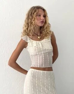 Turn heads this summer with our Simran Top. This stunning top features an off-shoulder bardot-style fit with a large ruffle across the neckline, with a frill on the right chest for added detail in a cream lace. Pair with our Betharia skirt.Â
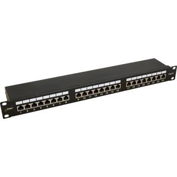 PULSAR RP-F24V6 19" patch panel; 24 port; cat6; árnyékolt; tehermentesítővel; 90 fokos modulok
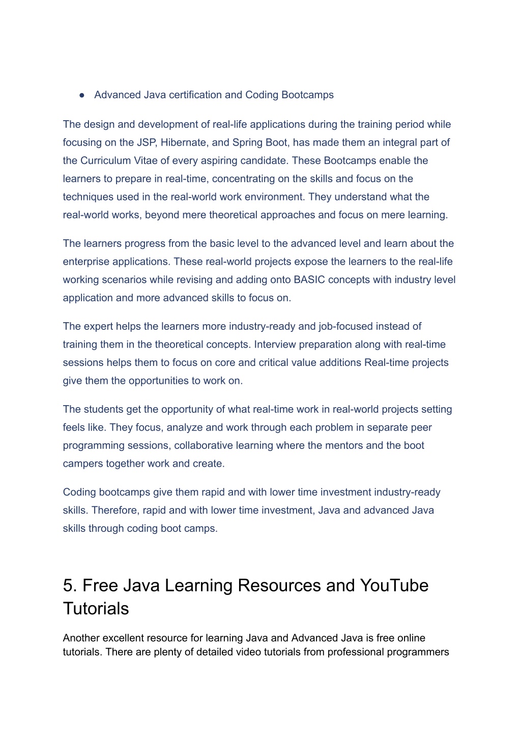 ● Advanced Java certification and Coding Bootcamps The design and development of real-life applications during the training period while focusing on the JSP, Hibernate, and Spring Boot, has made them an integral part of the Curriculum Vitae of every aspiring candidate. These Bootcamps enable the learners to prepare in real-time, concentrating on the skills and focus on the techniques used in the real-world work environment. They understand what the real-world works, beyond mere theoretical approaches and focus on mere learning. The learners progress from the basic level to the advanced level and learn about the enterprise applications. These real-world projects expose the learners to the real-life working scenarios while revising and adding onto BASIC concepts with industry level application and more advanced skills to focus on. The expert helps the learners more industry-ready and job-focused instead of training them in the theoretical concepts. Interview preparation along with real-time sessions helps them to focus on core and critical value additions Real-time projects give them the opportunities to work on. The students get the opportunity of what real-time work in real-world projects setting feels like. They focus, analyze and work through each problem in separate peer programming sessions, collaborative learning where the mentors and the boot campers together work and create. Coding bootcamps give them rapid and with lower time investment industry-ready skills. Therefore, rapid and with lower time investment, Java and advanced Java skills through coding boot camps. 5. Free Java Learning Resources and YouTube Tutorials Another excellent resource for learning Java and Advanced Java is free online tutorials. There are plenty of detailed video tutorials from professional programmers
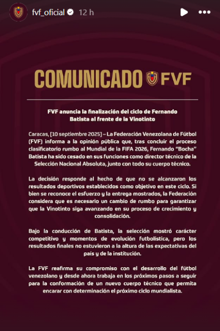 Luego de la frustración de no haber podido acceder al repechaje para el Mundial 2026, Venezuela confirmó la salida de su entrenador Fernando "Bocha" Batista.
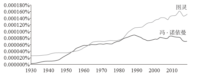 通常认为,图灵做出的重要工作有两个:一是发明图灵机原理,二是提出图灵测试。图灵机就是通用电子计算机,它和冯·诺依曼机等价。图4—3是自20世纪30年代图灵机被提出以来,“图灵”和“冯·诺依曼”对应的英文词在谷歌图书数据库中出现的频率,从中可见,20世纪80年代是一个节点。自此之后,“图灵”的词频一直遥遥领先。这意味着随着电子计算机应用的日益广泛,图灵测试的重要性突显出来,成为当代人关注的问题。
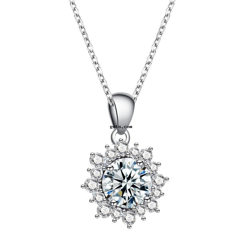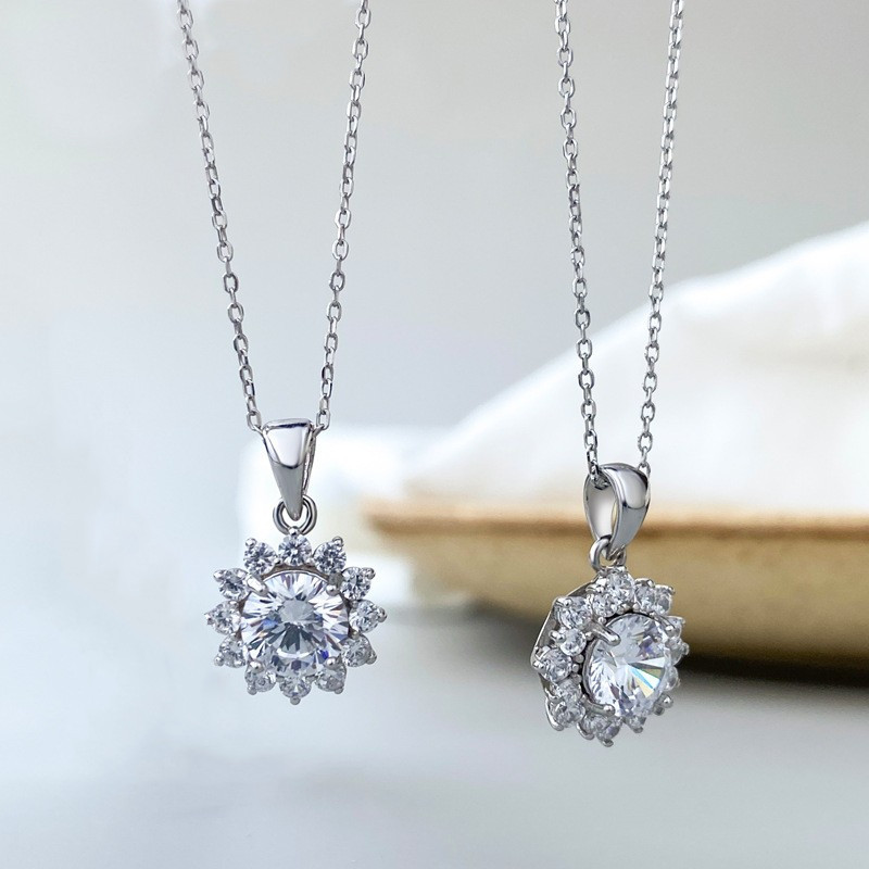 925 Sterling Silver Necklace, with Moissanite, with 2inch extender chain, Flower, platinum plated, oval chain & different styles for choice & micro pave cubic zirconia & for woman, Length:Approx 15.7 Inch, Sold By PC

##########

#### [TASK ITEM]
Copy exactly the lines running from the beginning of the listing through the line that has "90 fokos modulok". Drop the pictures.

#### [RESULT FOR THIS TASK]
 Turn heads this summer with our Simran Top. This stunning top features an off-shoulder bardot-style fit with a large ruffle across the neckline, with a frill on the right chest for added detail in a cream lace. Pair with our Betharia skirt.Â
 PULSAR RP-F24V6 19" patch panel; 24 port; cat6; árnyékolt; tehermentesítővel; 90 fokos modulok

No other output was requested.